*** Opening DATASET CONTENT ***

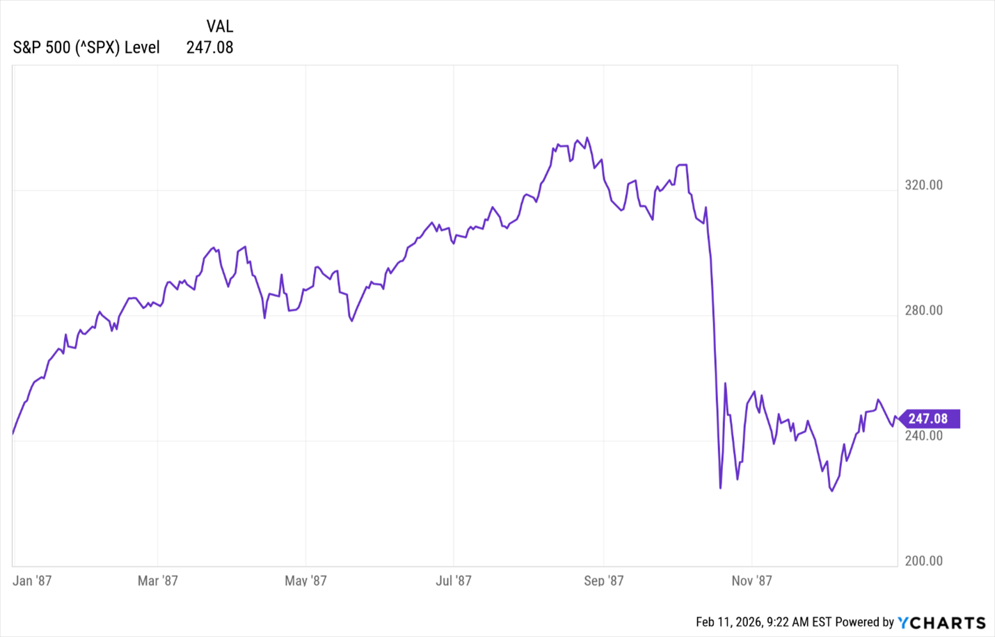 In October 1987, the stock market suffered a one-day 22% decline.
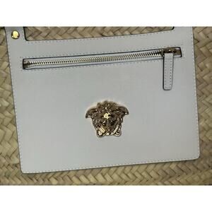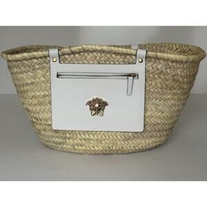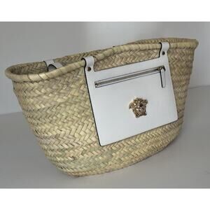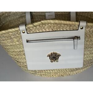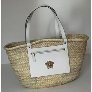 Versace Top Handle Small Tote Straw/Leather Natural/White Bag 1019454 NWT
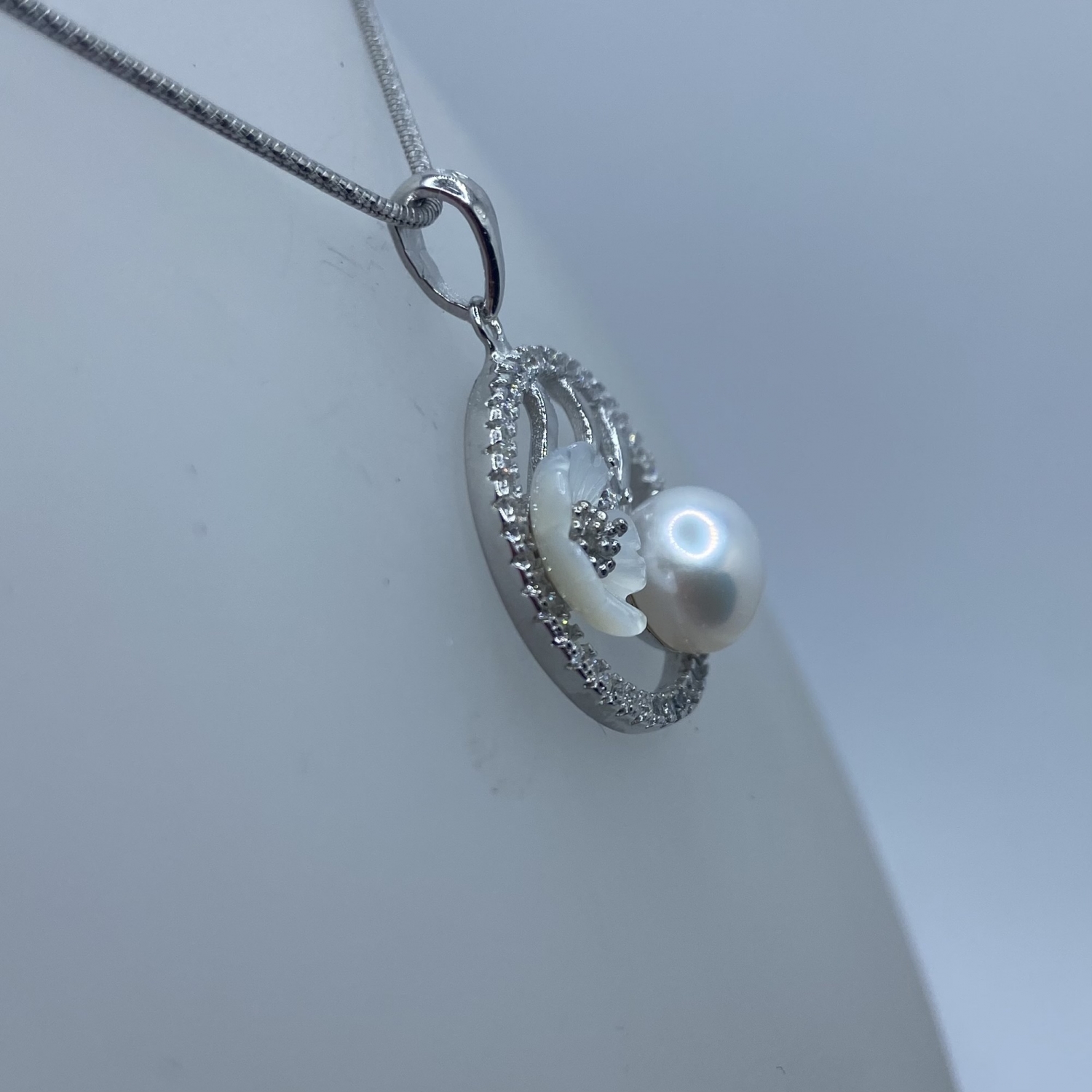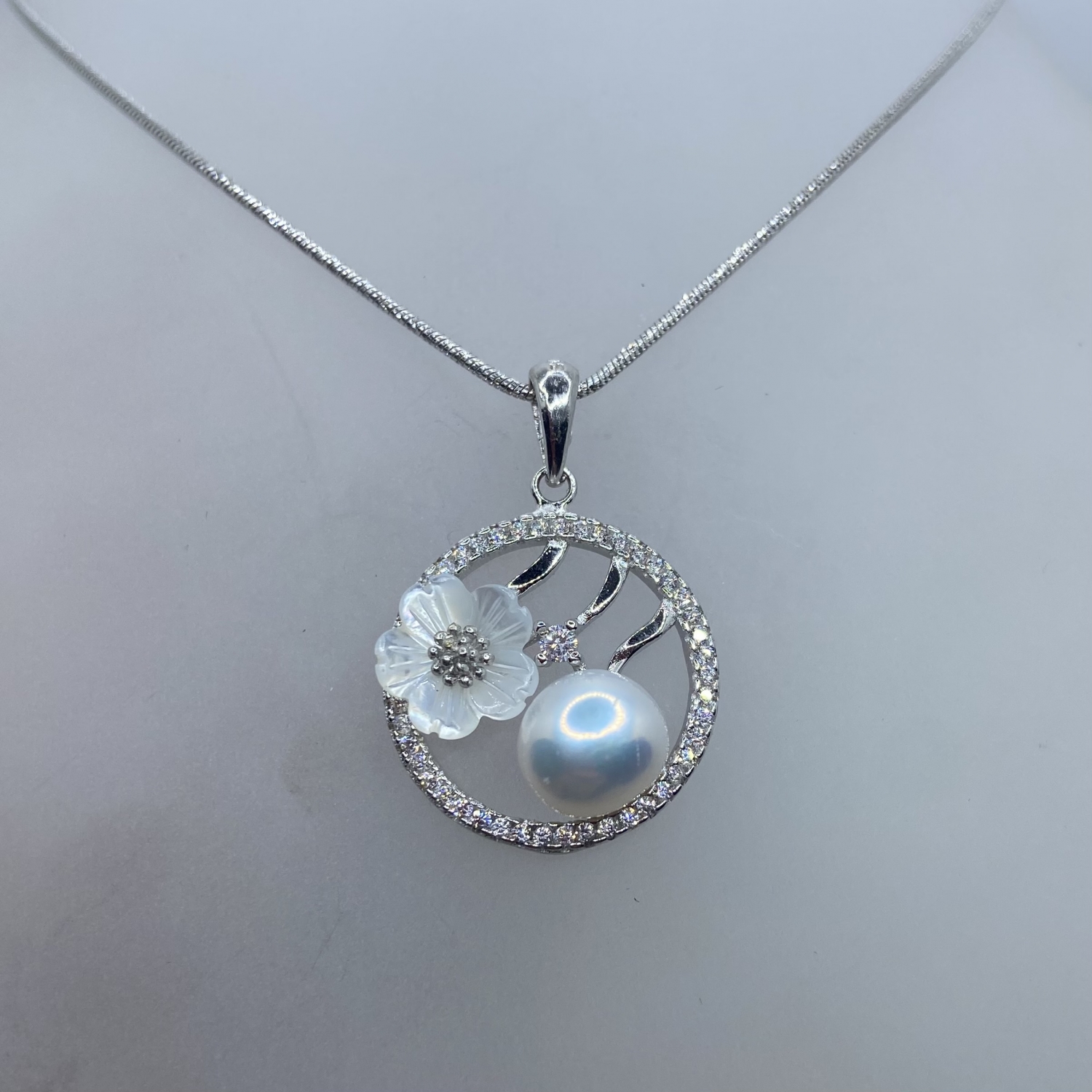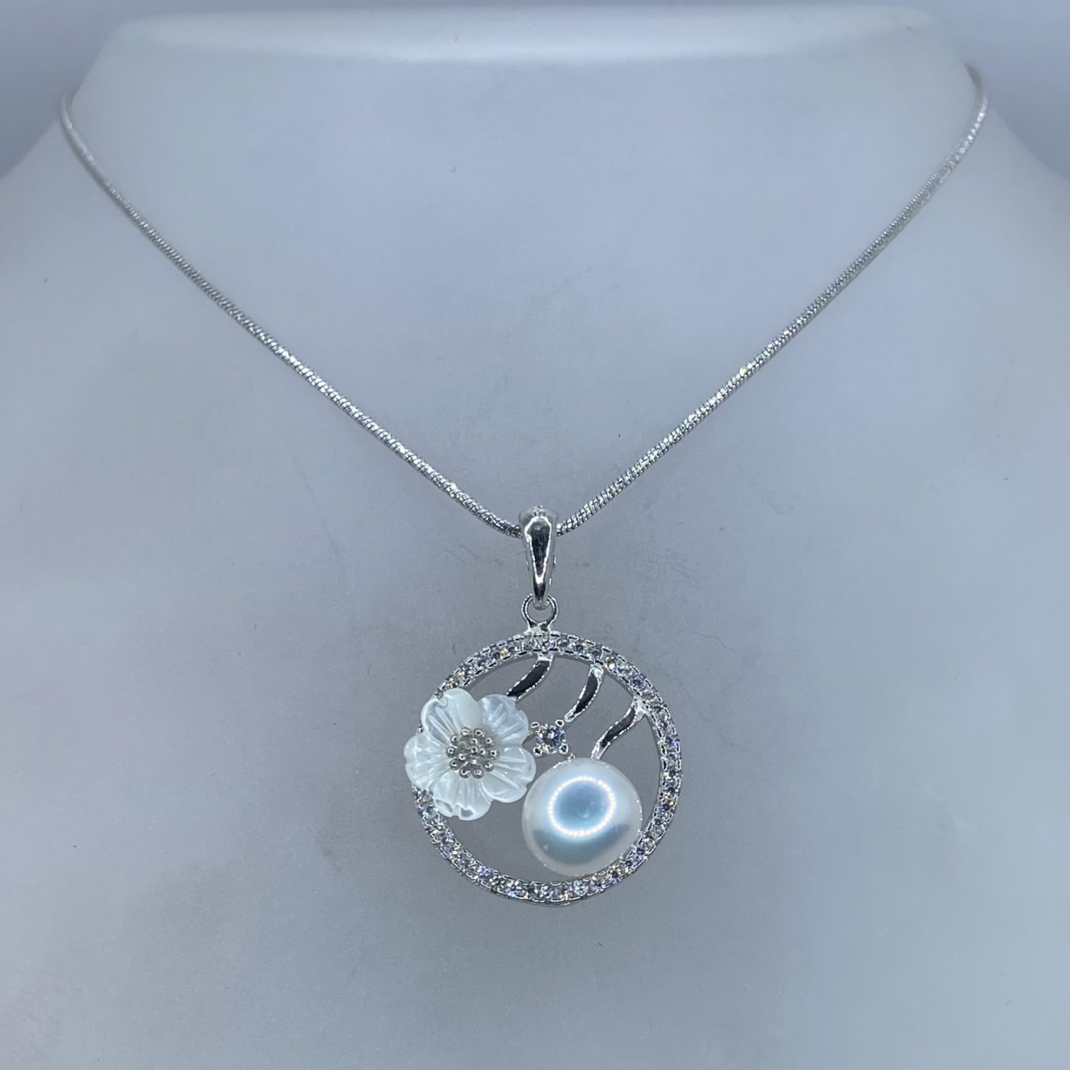 Kör alakú ezüst medál egy darab,tenyésztett édesvízi fehér színű gyönggyel,gyöngyházból faragott virággal,fehér kövekkel,rhódiumozott felülettel.
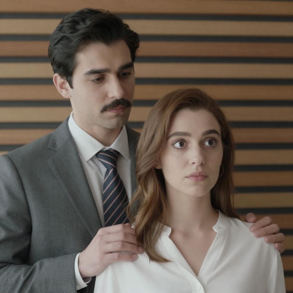 Movie poster of a man with dark hair, intense gaze, in a blue suit, leaning over a woman with dark hair, closed eyes, wearing a light blue dress. Man's hand grips her shoulder. Yellow border. Dark background.
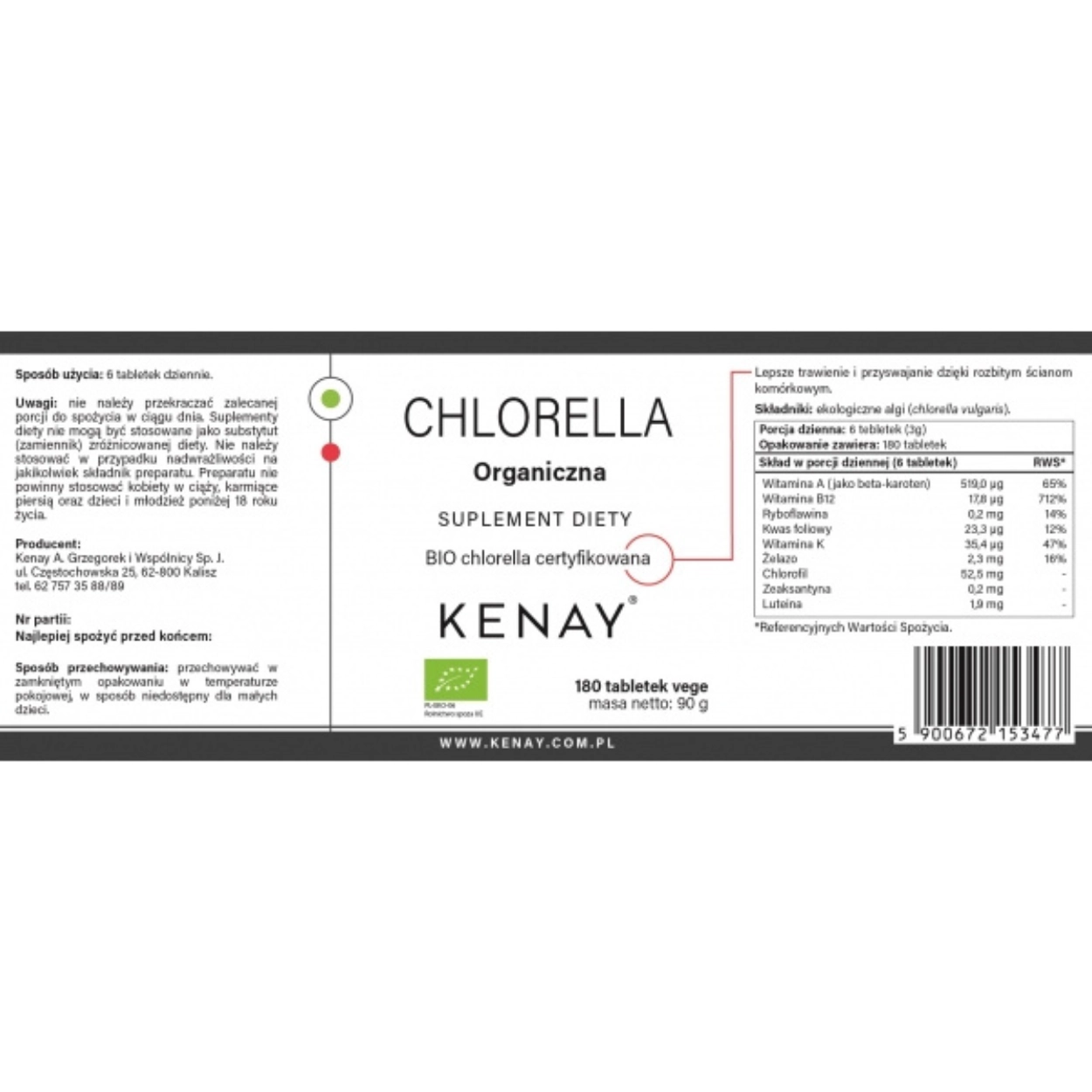 Kenay Chlorella Organiczna 180 tabletek – 90 g | BIO chlorella z rozbitymi ścianami komórkowymi

*** Closing DATASET CONTENT ***

* WHAT TO WORK ON *
Where the line with "Movie poster of" appears in the entries above, begin there and restate every line to the end word for word, minus the pictures.

* RESULT *
 Movie poster of a man with dark hair, intense gaze, in a blue suit, leaning over a woman with dark hair, closed eyes, wearing a light blue dress. Man's hand grips her shoulder. Yellow border. Dark background.
 Kenay Chlorella Organiczna 180 tabletek – 90 g | BIO chlorella z rozbitymi ścianami komórkowymi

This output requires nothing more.